Midway along the journey of the book I woke from a dream and announced (I don’t remember doing it: a journal entry from the time tells me I did) that the book had taught me how to read for the second time in my life. Not long afterwards, I realized this was true.
It’s hot in London. I’ve been profoundly depressed, putting off work I know I ought to be doing on my dissertation, dreading the search for new digs, still limping under the knowledge that I really have no clue how to run this Substack, no sense of mission, only sheer spite for the content mill, spite for my own greediness for clicks, positively no idea how to yoke my worst anxious phases to the kind of schedule apparently necessary here. I’d wanted to revisit the novel—the great Joycean totem—which gave birth to so many new worlds in my own mind; which fathered in me what I can only describe as an ancient reality and obscure purpose: new-born, hale, angry, and at all hours, fitfully squeaking its way out from beneath the rock of my static, depressive, bed-bound brain.
Instead, I pissed away weeks lamenting the unchangeable facts of the world—every day I pissed away my precious time. Yet what was I going to write, anyways? Each time I stare at this “page,” each time I confront the dull lit blankness of the screen, trying to summon something worth somebody’s time; whenever I see dozens of smarter, better, more optimized, more eloquent, more studied pieces by the expert writers on this platform—I feel I’ve fallen farther and farther behind. I’ve abandoned my poor artfather James, abandoned the mission his book made clear to me, abandoned the bright bluegreen beauty of its ancient oceanary scenes. Instead I only drown in more particularities, more curation, in digital noise, and daily apocalypses. I get no closer to the real, the beautiful, or the true. Like a philistine, I start to suspect that these are mystifications. The world falls away; distraction rules in my stupid head again. It’s awful, and it feels like nothing.

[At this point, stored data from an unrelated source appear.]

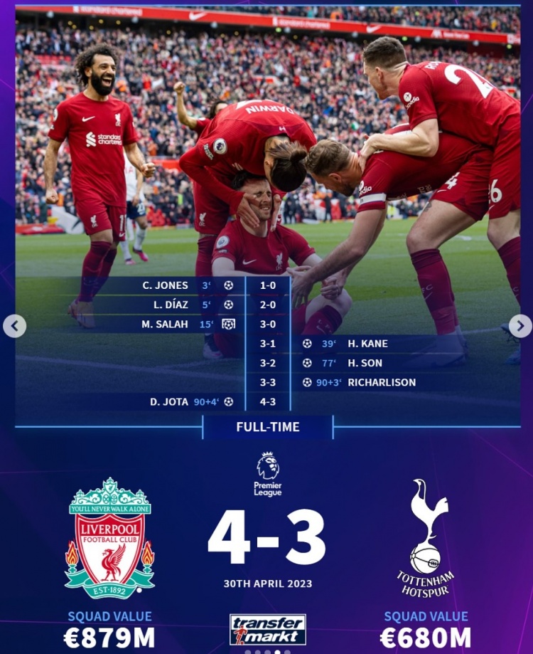 2023年4月,英超:利物浦4-3熱刺。瓊斯、路易斯-迪亞斯、薩拉赫上半場連入三球,凱恩、孫興慜連扳兩球,理查利森第93分鐘“絕平”,若塔第94分鐘絕殺。
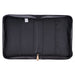 Coordinating gold hardware attaches the faux leather lay-flat handle to the spine. A zipper with a smooth gliding zipper pull, also in gold, is engraved with a cross. A slip pocket on the back panel is a useful feature to keep notes and small notebooks. Inside the Bible cover are two pen loops that allow you to conveniently carry both a pen and a highlighter.
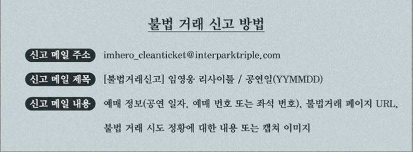 - 불법 거래 주의: 불법적으로 티켓을 판매하거나 구매하는 행위는 법적으로 처벌될 수 있습니다.
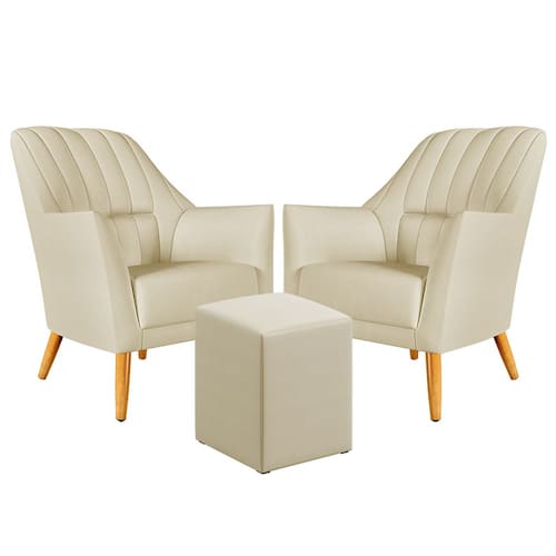 Kit 2 Poltronas Orion Bordada com Puff Izar Tecido Sued - Bege
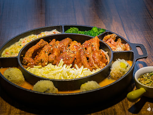 向往异国料理的吃货们,通常是这样证明他看过韩剧的:芝士年糕火锅、芝士排骨、拉面炒年糕、紫菜包饭、韩式炸鸡、海鲜辛拉面、石锅饭、水煎烤肉……此时此刻,在郑州。你不需要隔着冷冰冰的吃播屏幕对以上美食念念不忘了,这家地道融合韩餐你只要吃过,绝对要比虐心玛丽苏韩剧来得印象深刻得多。
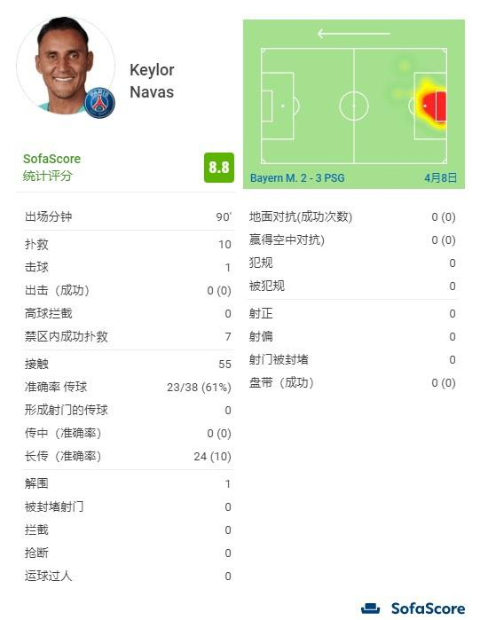 直播吧4月8日讯 巴黎在欧冠八强战首回合3-2客胜拜仁,门将纳瓦斯的高接低挡功不可没。
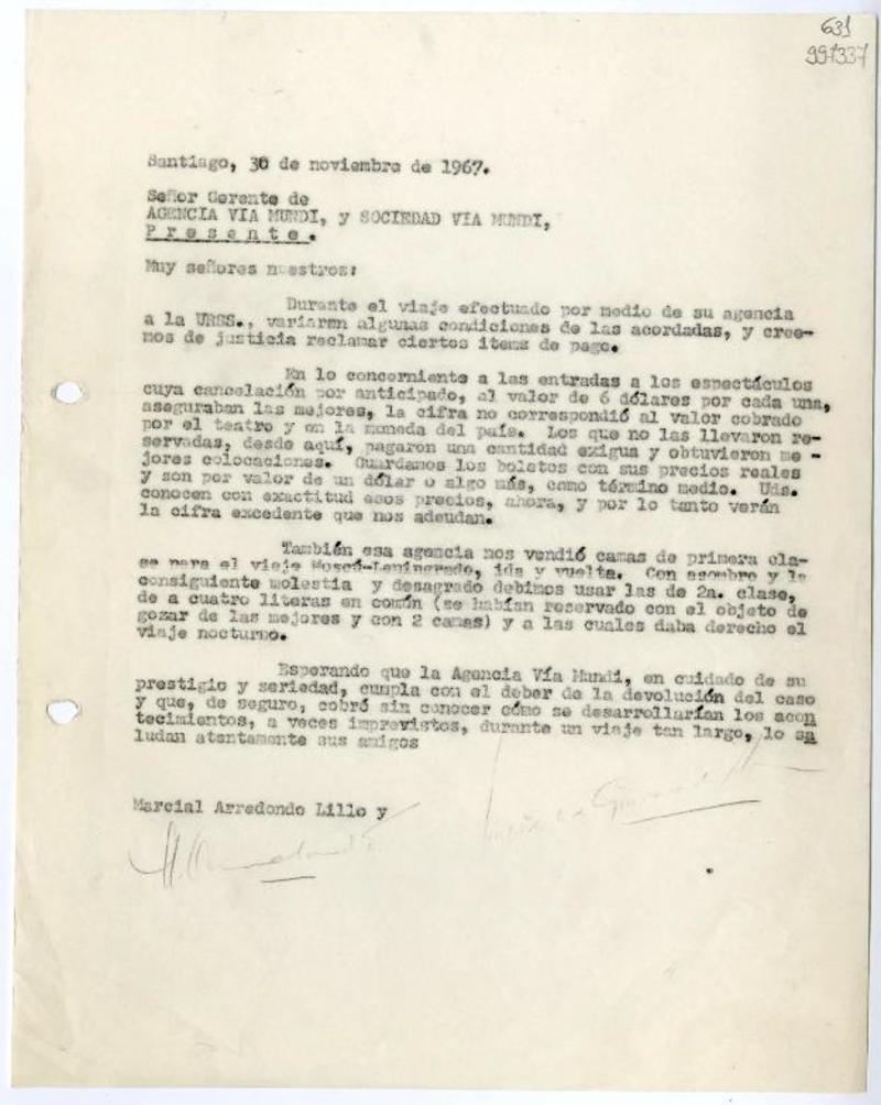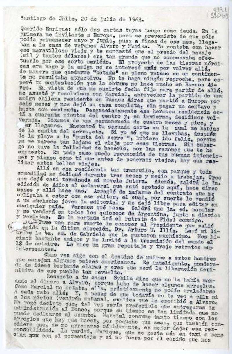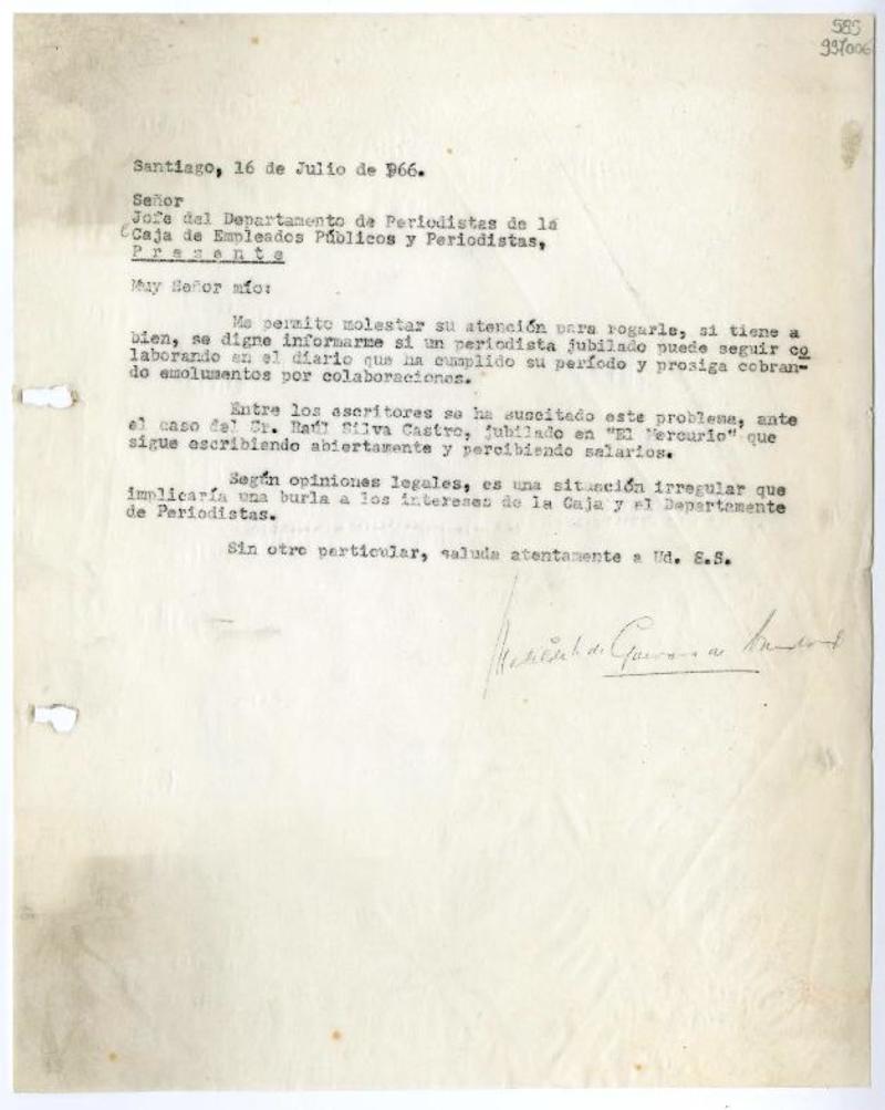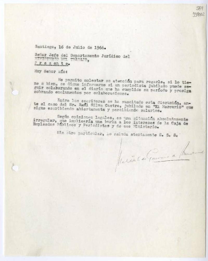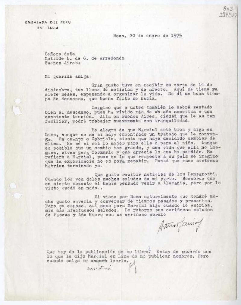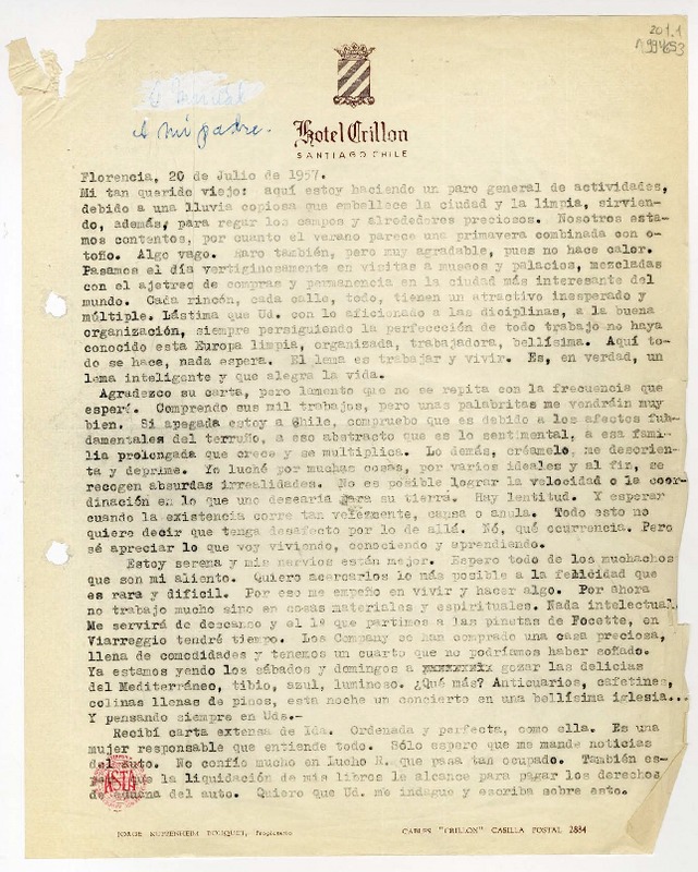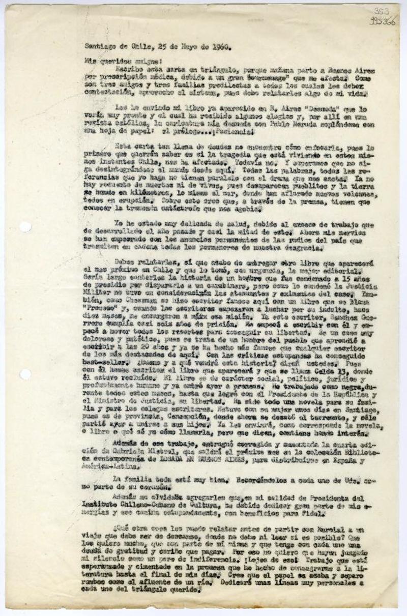 [Carta] 1953 agosto 7, Santiago, [Chile] [a] Matilde Ladrón de Guevara de Arredondo [manuscrito] Raúl Hidalgo.

Tonight and every day and all through these weeks and really every night I’ve been listening to Rachmaninoff’s Vigil, one of those center-of-the world masterpieces which manages to hush even the bitterest atheistic voice in my mind. I wish I could see the fields in Russia, in the Ukraine—see those remnants of icons by Rublev which I’ve heard so much about. I’d love to take the train from Paris, going slowly East, watching the West fade behind me, and shedding all my meaningless details, hewing down closer to the raw, to the grand and the austere, figures of the East. Puffing steadily towards the bare warm Orthodox heart, which I imagine still lies deep, in the passage of the Volga, in the wheat-fields, in the steppe. Ancient truths there, I think: things still hidden away from any fretting, spectacled Western eyes.
That’s what Rachmaninoff’s piece makes me think of most—those glorious tropes, the unforgiving Slavic silences, of the mythic East. Makes me think of Tarkovsky’s Andrei Rublev, a film-beyond-all-film if there ever was one; an experience I return to every few years just to gather up the remnants of my poor fatigued attention and attune them again to the right, proper, cosmic sense of the world. The lost medieval condition I long for: re-attuning to immensity; to the gorgeousness of death. Something I experienced for first time this year: the beauty of death. The power it holds, in a room; the way it re-organizes all priority; how it re-organizes time. And at its most insistent, how it creates reality again, drawing boundaries around what was only a blur before. Then you have a picture of the thing. Finite, beautiful.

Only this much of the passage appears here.